### EXTRACTED DATA
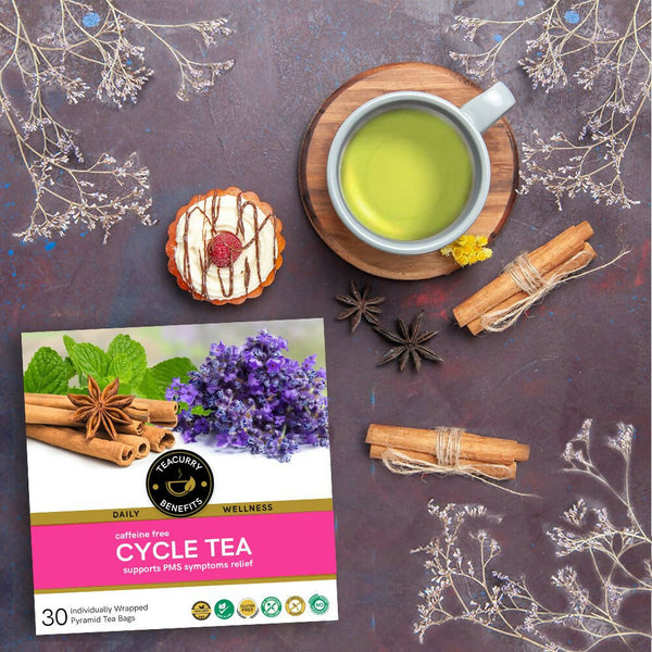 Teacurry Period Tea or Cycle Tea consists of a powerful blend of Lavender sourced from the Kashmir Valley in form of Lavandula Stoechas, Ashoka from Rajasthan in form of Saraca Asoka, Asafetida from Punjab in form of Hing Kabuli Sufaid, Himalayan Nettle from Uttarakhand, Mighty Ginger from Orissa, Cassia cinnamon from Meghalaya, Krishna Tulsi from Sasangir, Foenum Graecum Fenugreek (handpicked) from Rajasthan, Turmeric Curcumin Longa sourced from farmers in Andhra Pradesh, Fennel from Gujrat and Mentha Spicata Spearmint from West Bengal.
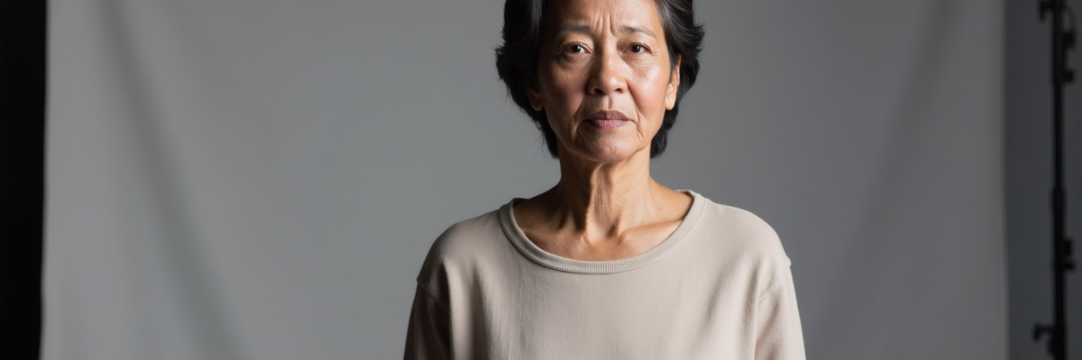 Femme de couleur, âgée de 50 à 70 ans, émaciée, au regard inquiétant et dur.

--

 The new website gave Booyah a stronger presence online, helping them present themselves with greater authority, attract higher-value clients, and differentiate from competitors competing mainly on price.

...

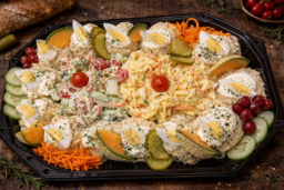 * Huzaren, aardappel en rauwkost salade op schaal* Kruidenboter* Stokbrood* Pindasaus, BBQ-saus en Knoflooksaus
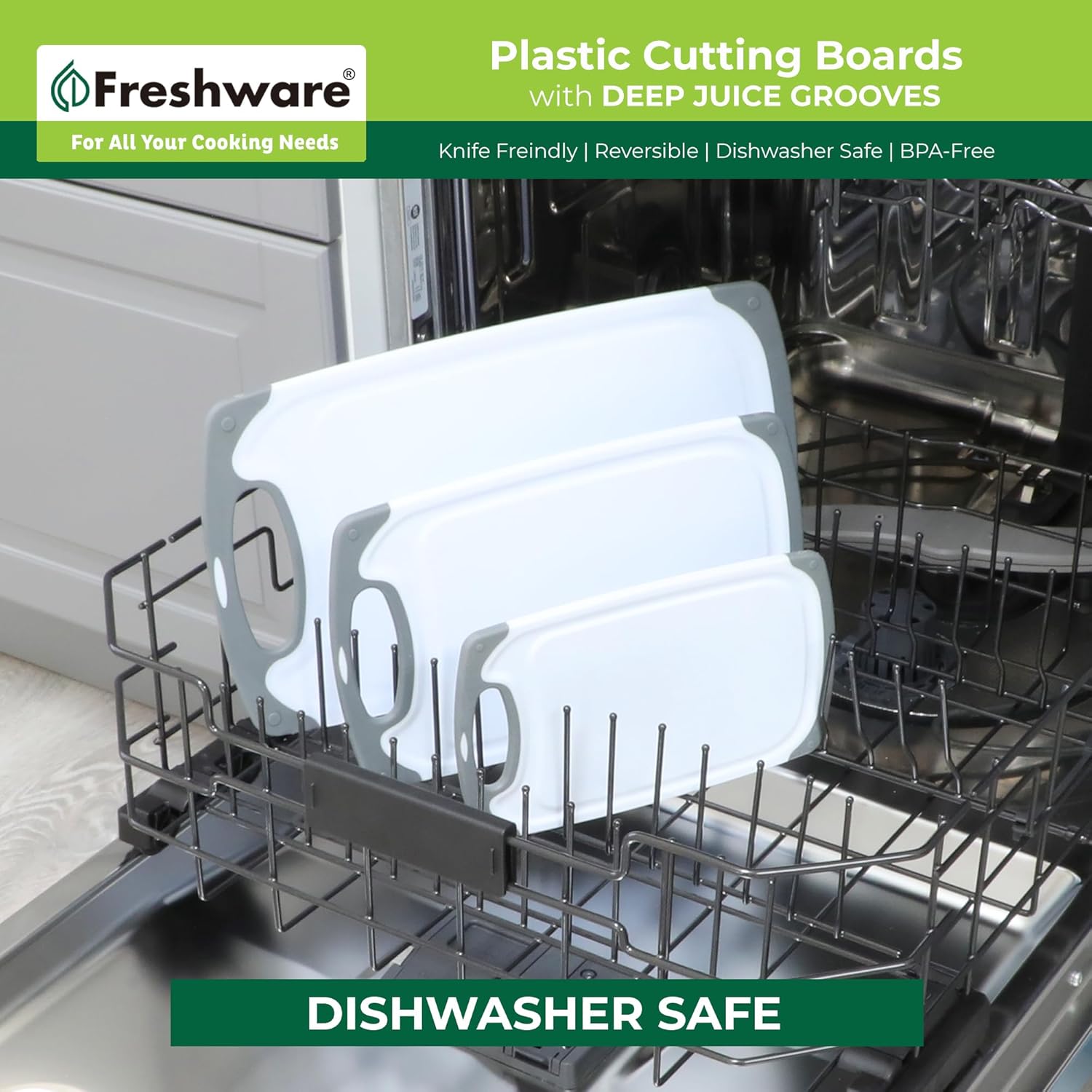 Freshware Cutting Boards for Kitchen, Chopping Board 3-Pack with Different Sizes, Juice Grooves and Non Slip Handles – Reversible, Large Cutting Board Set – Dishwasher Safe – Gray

### WHAT IS BEING ASKED
Using the data above, give again exactly the lines starting at the one holding "Teacurry Period Tea" and ending at the one holding "Femme de couleur, âgée", inclusive, and nothing more. Omit the pictures.

### WRITTEN RESPONSE
 Teacurry Period Tea or Cycle Tea consists of a powerful blend of Lavender sourced from the Kashmir Valley in form of Lavandula Stoechas, Ashoka from Rajasthan in form of Saraca Asoka, Asafetida from Punjab in form of Hing Kabuli Sufaid, Himalayan Nettle from Uttarakhand, Mighty Ginger from Orissa, Cassia cinnamon from Meghalaya, Krishna Tulsi from Sasangir, Foenum Graecum Fenugreek (handpicked) from Rajasthan, Turmeric Curcumin Longa sourced from farmers in Andhra Pradesh, Fennel from Gujrat and Mentha Spicata Spearmint from West Bengal.
 Femme de couleur, âgée de 50 à 70 ans, émaciée, au regard inquiétant et dur.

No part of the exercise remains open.